Property based testing
I’m slowly slowly learning that hypothesis is ridiculously clever but at a very basic level what it allows you to do is take 1 test and instead of testing a single example, test a whole range of parameters.
Here’s a simple example, based on a short demo I gave at the collaborations workshop 2016 in Edinburgh.
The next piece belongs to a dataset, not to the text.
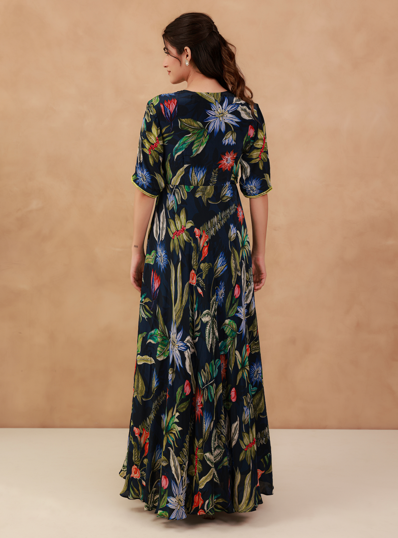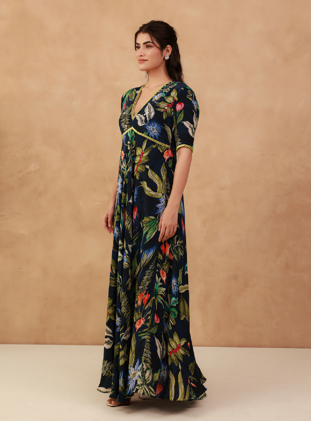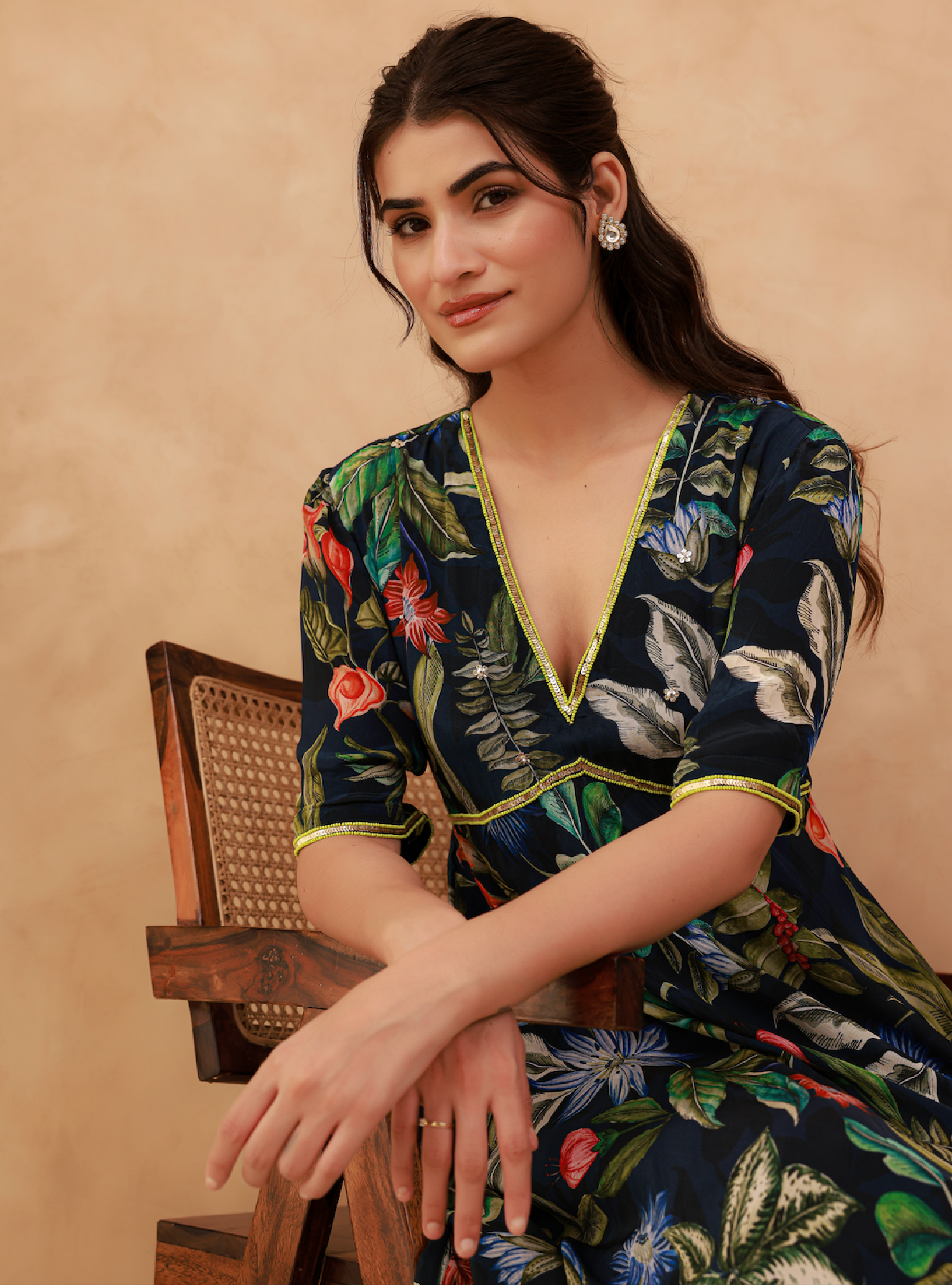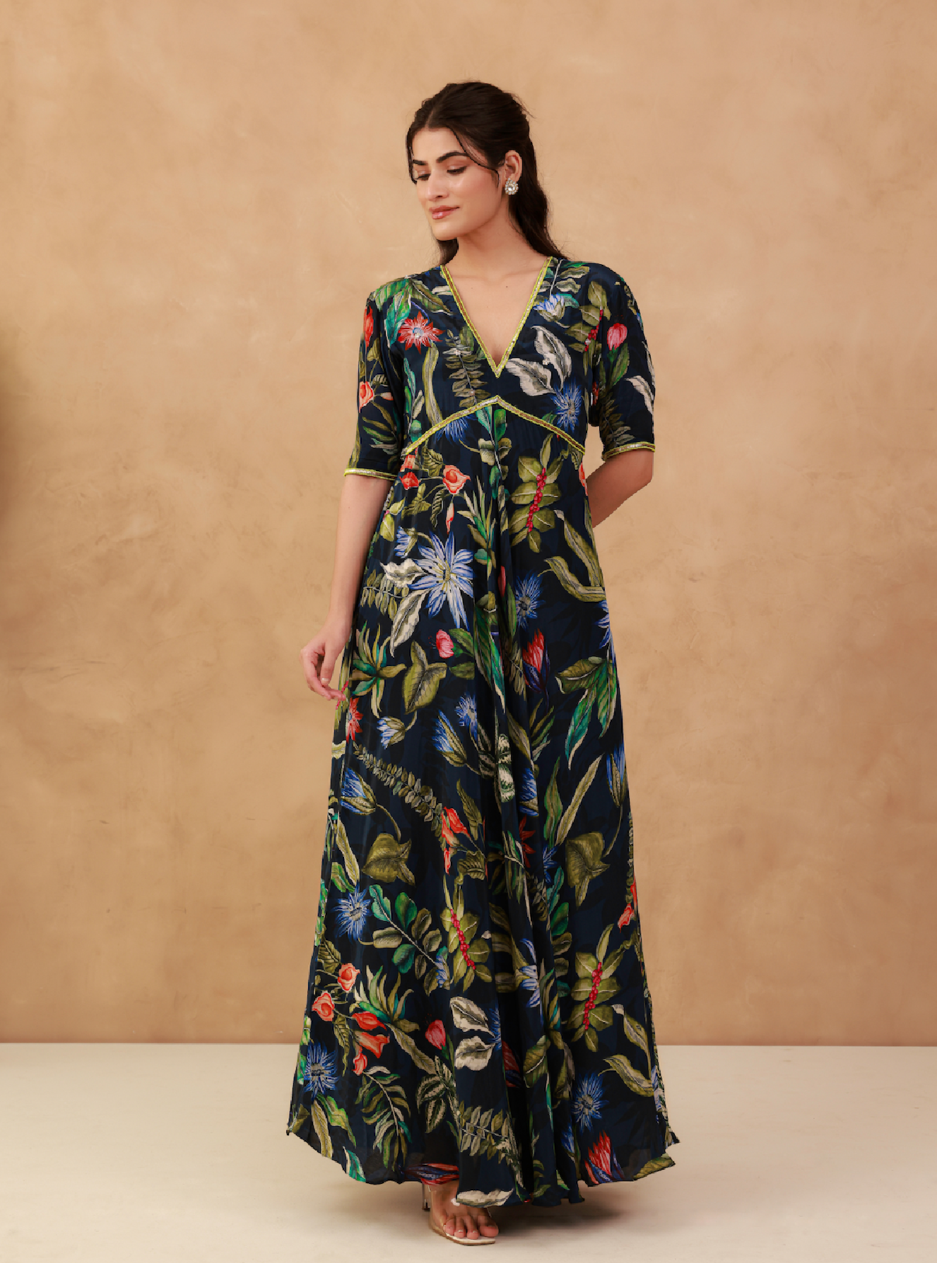A flowy dress featuring an inverted V waistline and deep V neckline, both highlighted with delicate hand-embroidered borders. The elbow-length sleeves are finished with matching embroidered hems, adding subtle elegance to the silhouette.Perfect for festive evenings.

You can find the slides I gave for that at this link: vknight.org/Talks/2016-03-22-Division-by-11-and-property-based-testing-with-hypothesis/.
Let us write a function that tests divisibility by 11 (assuming that we don’t
know about % 11
. To do this we’ll use the following property:
A number is divisible by 11 if and only if the alternating (in sign) sum of the number’s digits is 0.
For example: 121 is divisible by 11 because (1-2+1=0) (side note: if you’re about to yell at me in the comments please read the rest of this post).
Let’s save below in a file called main.py
:
def divisible_by_11(number):
"""Uses above criterion to check if number is divisible by 11"""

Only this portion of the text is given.